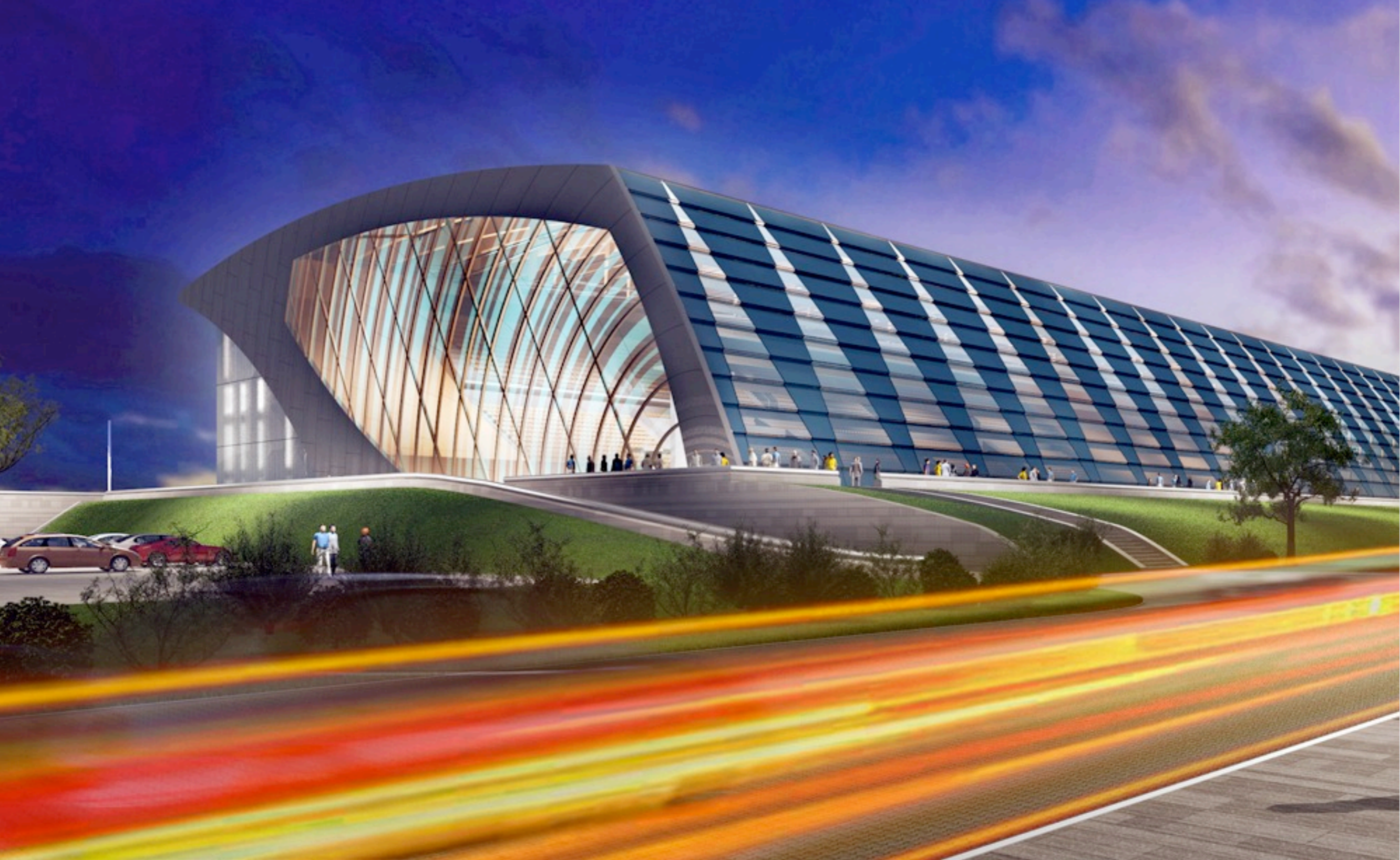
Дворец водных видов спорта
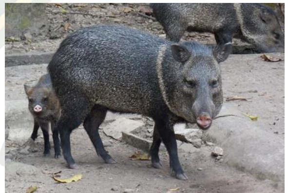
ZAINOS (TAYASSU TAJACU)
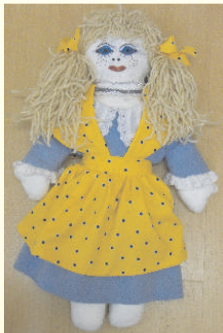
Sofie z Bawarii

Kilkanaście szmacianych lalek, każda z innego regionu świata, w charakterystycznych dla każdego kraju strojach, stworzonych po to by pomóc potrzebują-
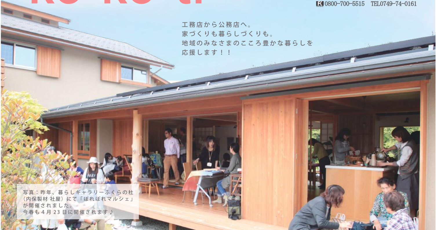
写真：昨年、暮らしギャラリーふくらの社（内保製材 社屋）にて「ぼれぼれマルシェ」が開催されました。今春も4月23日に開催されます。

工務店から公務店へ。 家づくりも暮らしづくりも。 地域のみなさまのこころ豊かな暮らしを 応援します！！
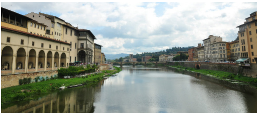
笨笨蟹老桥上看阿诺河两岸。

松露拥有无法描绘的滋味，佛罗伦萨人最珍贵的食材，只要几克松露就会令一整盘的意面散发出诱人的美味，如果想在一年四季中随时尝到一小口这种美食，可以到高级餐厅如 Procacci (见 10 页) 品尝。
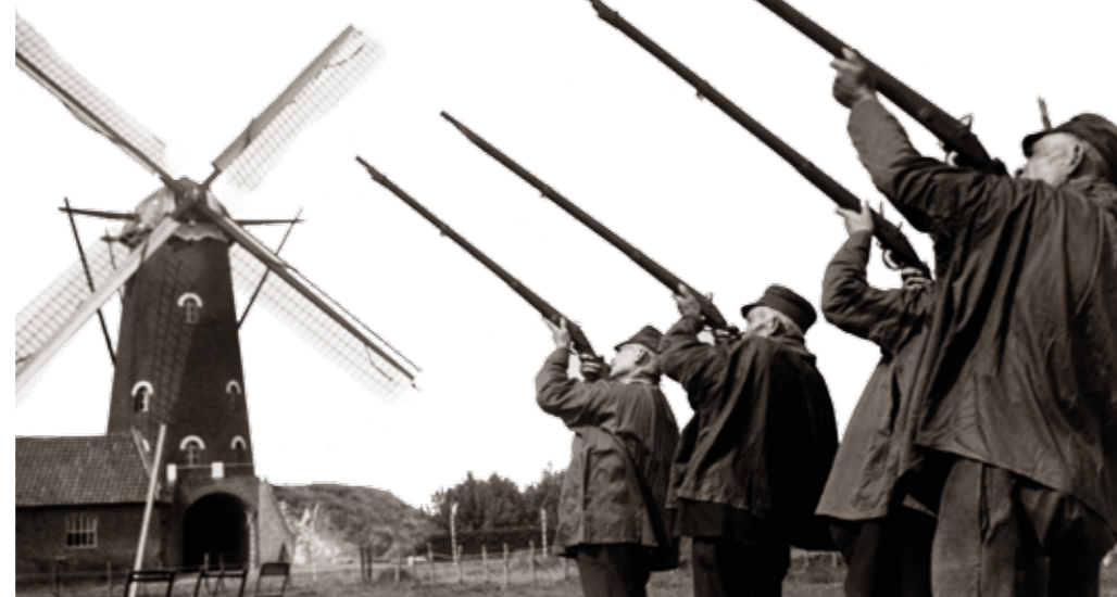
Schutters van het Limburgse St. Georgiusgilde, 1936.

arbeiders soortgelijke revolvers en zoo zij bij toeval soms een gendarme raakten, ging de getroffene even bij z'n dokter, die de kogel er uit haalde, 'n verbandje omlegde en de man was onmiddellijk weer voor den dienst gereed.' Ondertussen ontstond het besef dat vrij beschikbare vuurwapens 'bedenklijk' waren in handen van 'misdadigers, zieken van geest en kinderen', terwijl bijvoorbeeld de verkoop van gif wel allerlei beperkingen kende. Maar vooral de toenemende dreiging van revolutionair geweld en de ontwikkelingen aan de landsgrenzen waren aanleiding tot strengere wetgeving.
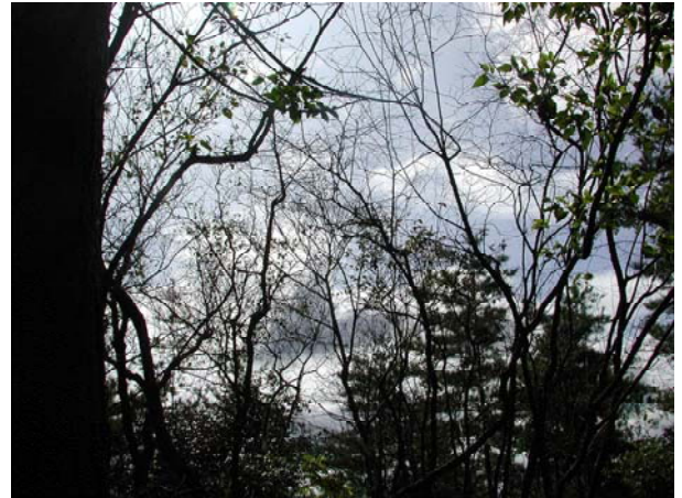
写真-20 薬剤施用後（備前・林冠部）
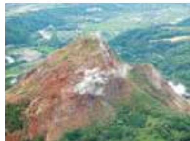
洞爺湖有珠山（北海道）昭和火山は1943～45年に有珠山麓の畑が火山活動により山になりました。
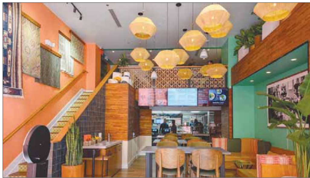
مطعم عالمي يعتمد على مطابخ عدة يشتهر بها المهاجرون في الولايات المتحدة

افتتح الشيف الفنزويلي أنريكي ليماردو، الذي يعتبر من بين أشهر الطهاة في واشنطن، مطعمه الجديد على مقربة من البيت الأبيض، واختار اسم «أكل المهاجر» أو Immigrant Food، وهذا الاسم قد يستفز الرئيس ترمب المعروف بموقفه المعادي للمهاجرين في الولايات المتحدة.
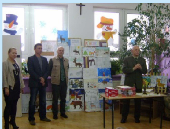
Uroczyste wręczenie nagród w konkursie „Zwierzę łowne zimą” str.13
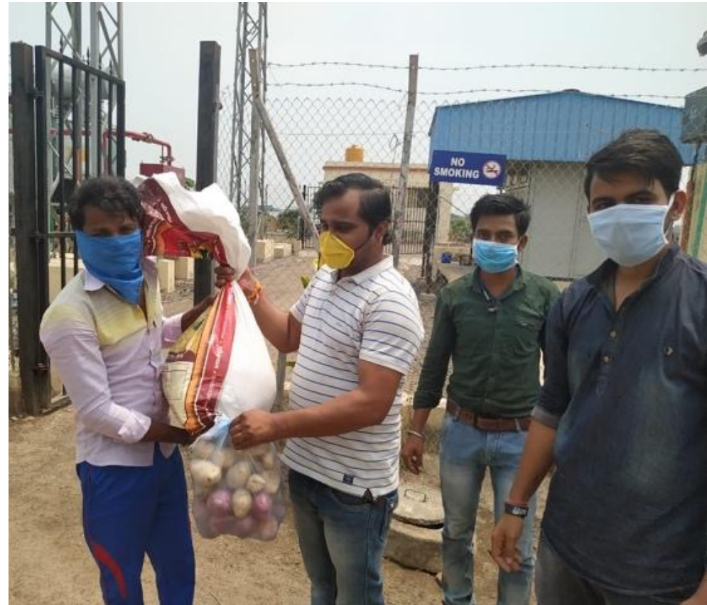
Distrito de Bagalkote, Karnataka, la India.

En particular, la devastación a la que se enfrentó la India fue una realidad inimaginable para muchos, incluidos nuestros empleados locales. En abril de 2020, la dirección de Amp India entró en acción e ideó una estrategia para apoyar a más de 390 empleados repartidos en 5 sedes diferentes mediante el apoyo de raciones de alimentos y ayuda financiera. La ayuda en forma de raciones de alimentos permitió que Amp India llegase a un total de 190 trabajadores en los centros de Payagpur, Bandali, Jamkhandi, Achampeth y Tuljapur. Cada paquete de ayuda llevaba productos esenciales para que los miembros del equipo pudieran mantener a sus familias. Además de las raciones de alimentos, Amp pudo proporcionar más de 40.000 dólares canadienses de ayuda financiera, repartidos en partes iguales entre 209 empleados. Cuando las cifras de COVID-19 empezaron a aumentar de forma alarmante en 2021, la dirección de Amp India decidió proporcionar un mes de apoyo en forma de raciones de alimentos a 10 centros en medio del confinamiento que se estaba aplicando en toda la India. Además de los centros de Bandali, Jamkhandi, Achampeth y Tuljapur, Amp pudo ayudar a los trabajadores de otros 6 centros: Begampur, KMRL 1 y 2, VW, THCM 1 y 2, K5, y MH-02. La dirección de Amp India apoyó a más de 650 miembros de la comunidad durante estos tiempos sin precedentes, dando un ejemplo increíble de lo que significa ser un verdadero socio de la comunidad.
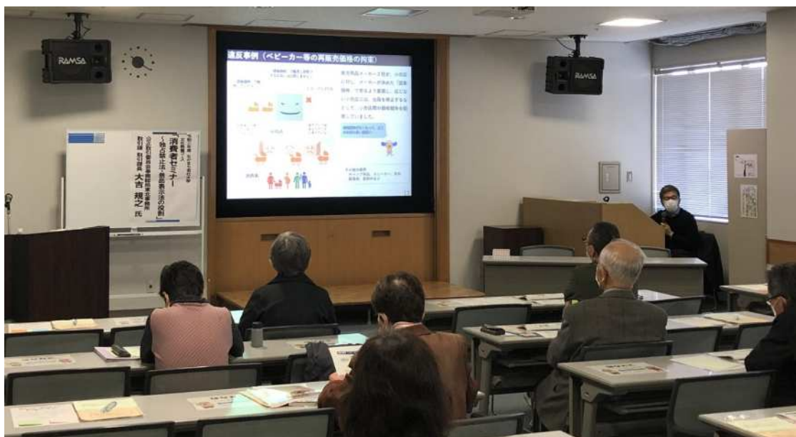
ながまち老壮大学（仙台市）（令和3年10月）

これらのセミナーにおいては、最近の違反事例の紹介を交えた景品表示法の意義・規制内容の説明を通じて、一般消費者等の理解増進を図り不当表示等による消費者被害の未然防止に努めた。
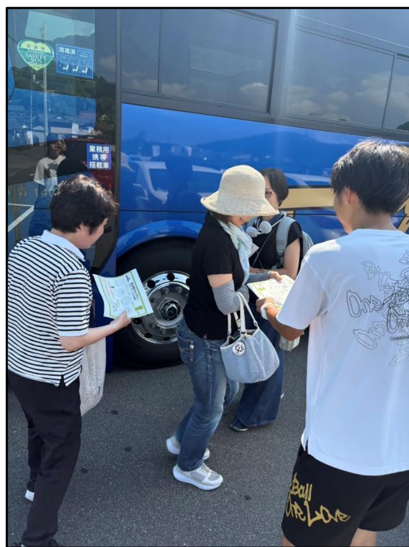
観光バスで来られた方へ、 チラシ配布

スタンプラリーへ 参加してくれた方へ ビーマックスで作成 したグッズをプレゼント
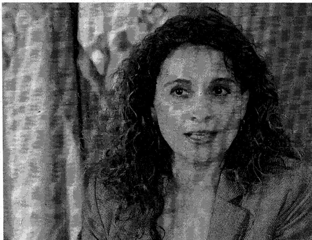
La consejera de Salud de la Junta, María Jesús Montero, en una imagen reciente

» **Exercise instructions**
Through the line containing "Schutters van het" and no further, restate the data above word for word from its first line, leaving out pictures.

» **Response area**
Дворец водных видов спорта
ZAINOS (TAYASSU TAJACU)
Sofie z Bawarii

Kilkanaście szmacianych lalek, każda z innego regionu świata, w charakterystycznych dla każdego kraju strojach, stworzonych po to by pomóc potrzebują-
写真：昨年、暮らしギャラリーふくらの社（内保製材 社屋）にて「ぼれぼれマルシェ」が開催されました。今春も4月23日に開催されます。

工務店から公務店へ。 家づくりも暮らしづくりも。 地域のみなさまのこころ豊かな暮らしを 応援します！！
笨笨蟹老桥上看阿诺河两岸。

松露拥有无法描绘的滋味，佛罗伦萨人最珍贵的食材，只要几克松露就会令一整盘的意面散发出诱人的美味，如果想在一年四季中随时尝到一小口这种美食，可以到高级餐厅如 Procacci (见 10 页) 品尝。
Schutters van het Limburgse St. Georgiusgilde, 1936.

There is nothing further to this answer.